You missed non-state political motivations. There are plenty of revolutionaries and so-called terrorists around.
It appears that this is actually the case here, as it's supposedly about artist's rights.
> non-state political motivations
"hacktivists"?
Some people just like to watch the world burn?
Disney is a cultural slash-and-burn enterprise, themselves.
Disney pissed off a lot of fans of marvel, starwars and most IPs they recently bought. The hackers dump the files publicly to be mined to shaming Disney. Maybe...
they themselves said why: Disney is responsible for cancelling, burying, and destroying the records of a lot of shows that fans seem to really love. TAG, the largest animation union, has been raising awareness of extremely unfair treatment of the creative side of Disney and other companies for a while now, how years of their hard creative work has been squatted on without ever seeing the light of day.
apparently, the hackers don't really seem to consult the artists they're purportedly trying to help by doing this, because none of them want to see their work leaked like this. I think these hackers just selfishly want to see the materials behind cancelled shows they were looking forward to.
Maybe they shorted the stock.
Bad move unless they're actively day trading. This won't have any serious effect on Disney stock.
The motto of the group that leaked it is "A hacktivist group protecting artists' rights and ensuring fair compensation for their work", so my guess is that they're trying to give the press and researchers a look at what goes into the sausage, because the industry abuses the hell out of creative talent.
One question is whether there is one massive slack, or multiple different ones. I'd certainly hope that sensitive stuff is limited to a separate slack, for extra insulation.
They mention a name, and a google search shows that person works in Disney IT, so maybe their credentials were leaked and they had admin access to the slack. In that case, relying on slack permissions to limit the scope of a breach isn't really going to work.
There isn't a single slack instance, nor is there a single IT organization. Disney is a huge company with many mostly autonomous divisions. I highly doubt they took everything as it would not be all in one place.
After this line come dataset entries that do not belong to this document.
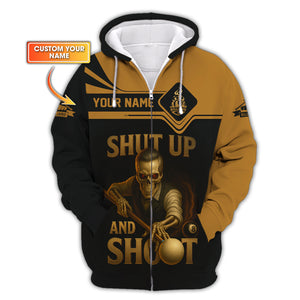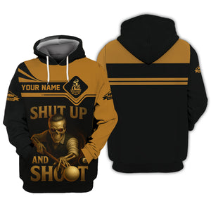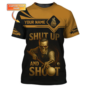Custom Billiard Shirt – Grim Reaper Skeleton Design – Shut Up and Shoot Pool Tee
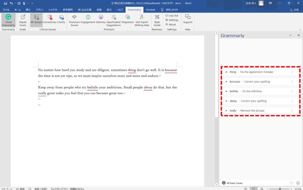 このようにGrammarlyは、普段から"Wordを使って英語の文章を書いている方"でも有効活用ができて
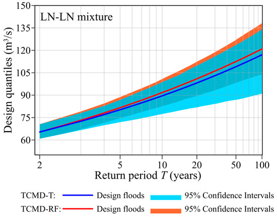 - Although the performance of TCMD-RF model is not as good as TCMD-T model, TCMD-RF can reduce the uncertainties of design flood quantiles by about 20%. The advantage of TCMD-RF model can be attributed to its clear classification of flood types; thus, the weighting coefficients of mixture distributions can be determined before the optimization.
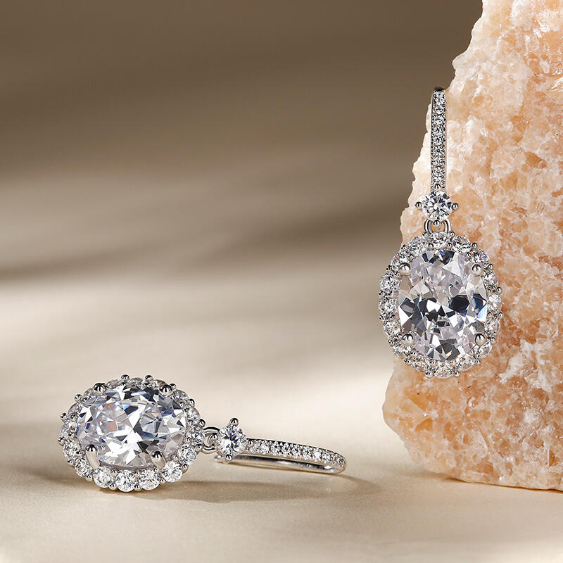 Jeulia Halo Oval Cut Sterling Silver Drop Earrings
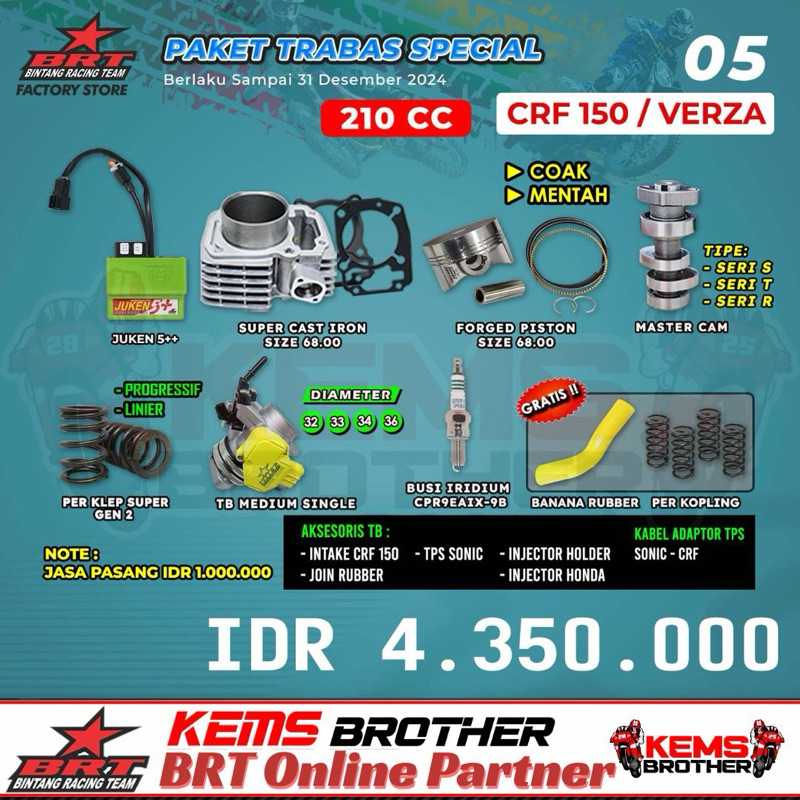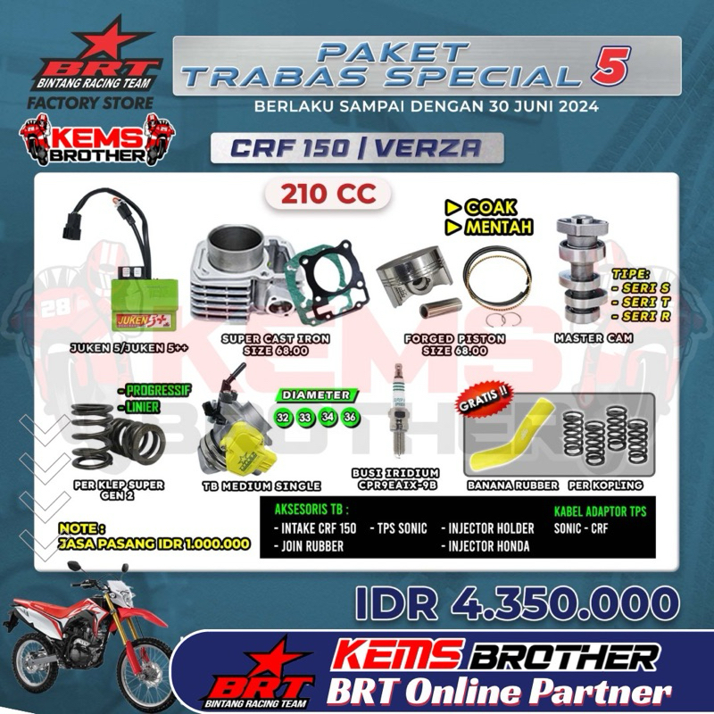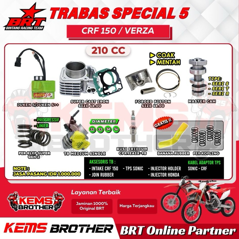 PAKET ORIGINAL BRT CRF150 TRABAS SPESIAL 5 BOREUP 210CC (ECU JUKEN 5+ HIJAU, SILINDER BLOK CASTING IRON 66 68, PISTON KIT, NOKENAS, BONUS BUSI RACING IRIDIUM, BANANA RUBBER PERKOPLING, PERKLEP)
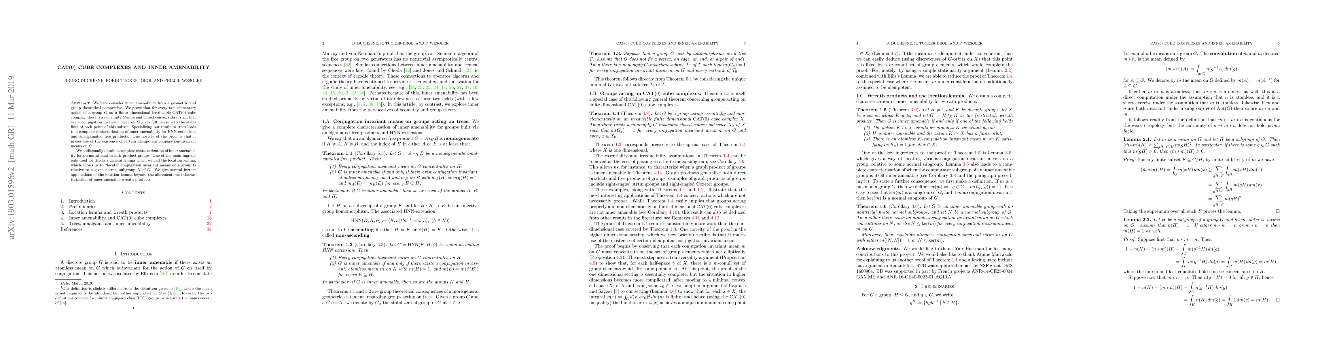We here consider inner amenability from a geometric and group theoretical perspective. We prove that for every non-elementary action of a group $G$ on a finite dimensional irreducible CAT(0) cube complex, there is a nonempty $G$-invariant closed convex subset such that every conjugation invariant mean on $G$ gives full measure to the stabilizer of each point of this subset. Specializing our result to trees leads to a complete characterization of inner amenability for HNN-extensions and amalgamated free products. One novelty of the proof is that it makes use of the existence of certain idempotent conjugation-invariant means on $G$. We additionally obtain a complete characterization of inner amenability for permutational wreath product groups. One of the main ingredients used for this is a general lemma which we call the location lemma, which allows us to "locate" conjugation invariant means on a group $G$ relative to a given normal subgroup $N$ of $G$. We give several further applications of the location lemma beyond the aforementioned characterization of inner amenable wreath products.
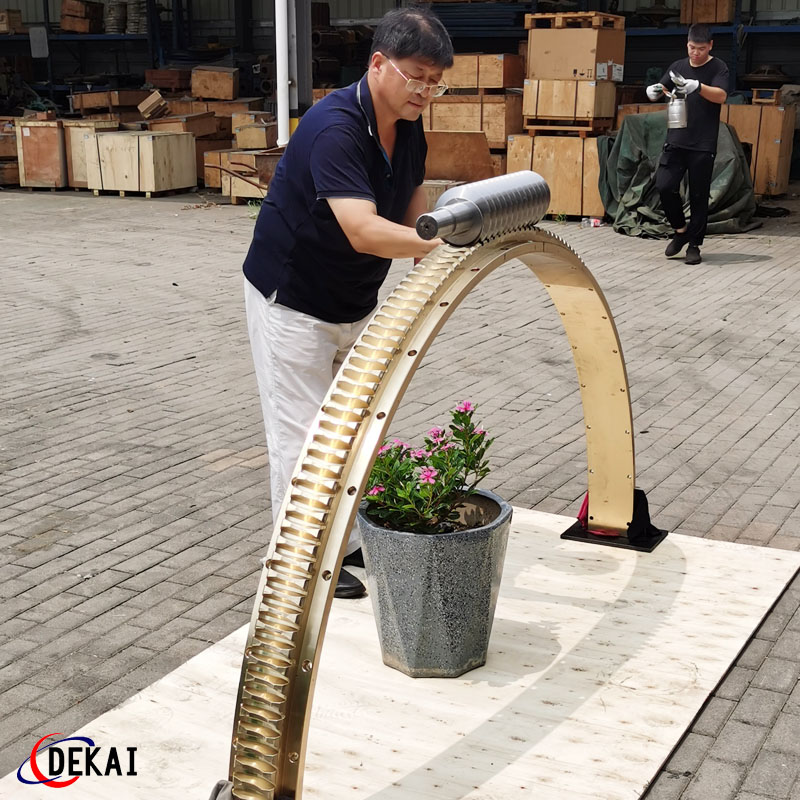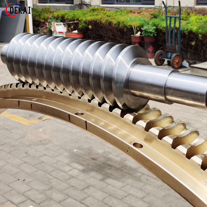德州德凱減速傳動機械有限公司采用雙蝸桿對消隙原理開發(fā)生產的精密蝸輪蝸桿副,主要用于大型機床工作臺的驅動,高精密分割器等無間隙圓周運動精確定位場合。該蝸輪副中心距最大可做到2000mm,單節(jié)速比可做到1-365同時不產生回程間隙。
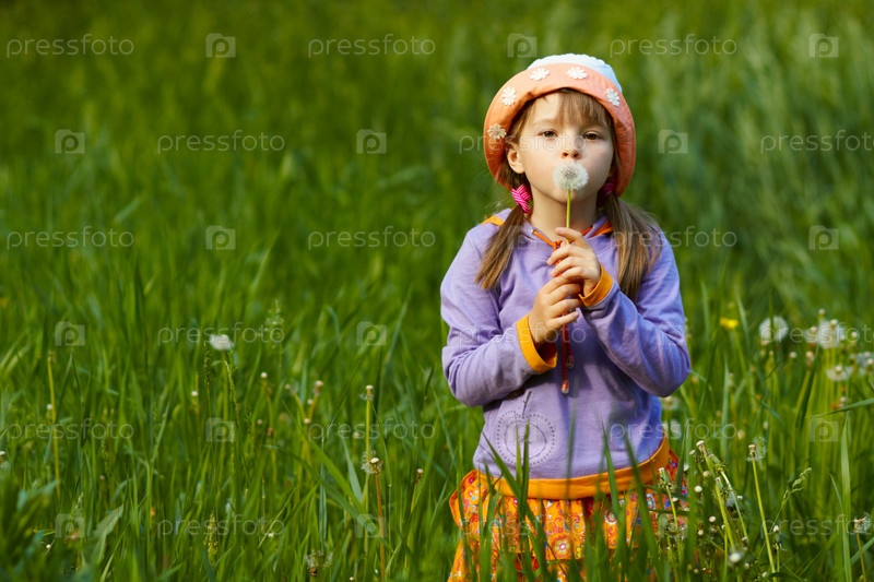 Маленькая девочка с одуванчиком в поле
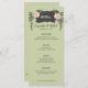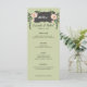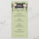 Ce menu de fleurs désertiques présente des fleurs roses et de la verdure de part et d'autre d'une boîte noire incurvée avec le mot "Menu". Tous les détails importants du menu mariage peuvent être modifiés. Les couleurs sont le vert, le rose, le blanc et le noir.
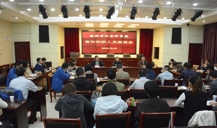 10月19日上午,我院青年科研人员座谈会在院学术报告厅举行。院属各单位青年科研人员共40余人参加会议。院党组书记、院长曾凡银教授出席会议并讲话。院党组成员、副院长施立业研究员出席会议。院党组成员、《江淮论坛》主编沈跃春研究员主持会议。
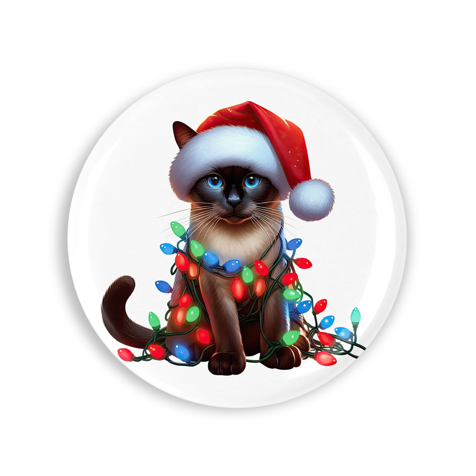 - Set 4 insigne, Pisica de craciun Siameza, NO726, Metal, 44 mm, Multicolor

I presume given the message it was likely the folks making movies or Disney+, not Parks. Of course, it could also be something much more benign.
If you read the article, the answer to your question is in the fourth sentence. There's even an entire section under the headline "Who, Why, and How" that goes into motives.
Interesting logic... what's the point of "just telling them"?
techno-anarchism
This is going to be a anti-DEI treasure trove. The unsaid things will be shown to have very much been said.
Will it?
Well it seems like a huge leak. And if there's a place where there are illegal, woke, decisions taken it's Disney. For example there's a Disney exec who's been recently caught by an undercover journalist, on video, saying "we don't hire white men as such positions".
It is discrimination and it's totally illegal. I do personally find the "wokeness" of Disney also shows in their cartoons (it's just an opinion but several have that same opinion).
So for such things to happen, there may be a company culture of wokism in place at Disney.
If there's such a company culture and seen the size of the leak, it's very possible that they've been so dumb as to openly discuss how to be anti-white (e.g. both in hiring practices and in picking fictional characters) on their slack channels.
To paraphrase a well-known meme: *"You never go full woke: Disney went full woke".
What do you mean by “woke”, exactly?
DEI is just the new n-word for people who are offended when they see someone who doesn't look like them.
Given the contexts I most commonly see it used in, I think it means “having empathy for someone outside my identity group”.
Is woke in the room with you now?
I believe in the state of California, for entertainment roles, it’s perfectly legal to state you only hire a certain race, sex, etc. for role. If you need an Asian male for a role, it’s ok to say so.
Maybe go read the stuff and find this darning evidence instead of just running your mouth about Disney with a bunch of accusations?
My YouTube recommendation page is going to be full of grifters from just reading this comment.
They should learn opsec from the Disney Vault.
As someone who literally used to own the digital version of the Disney vault I find this leak highly unlikely what it is claimed to be.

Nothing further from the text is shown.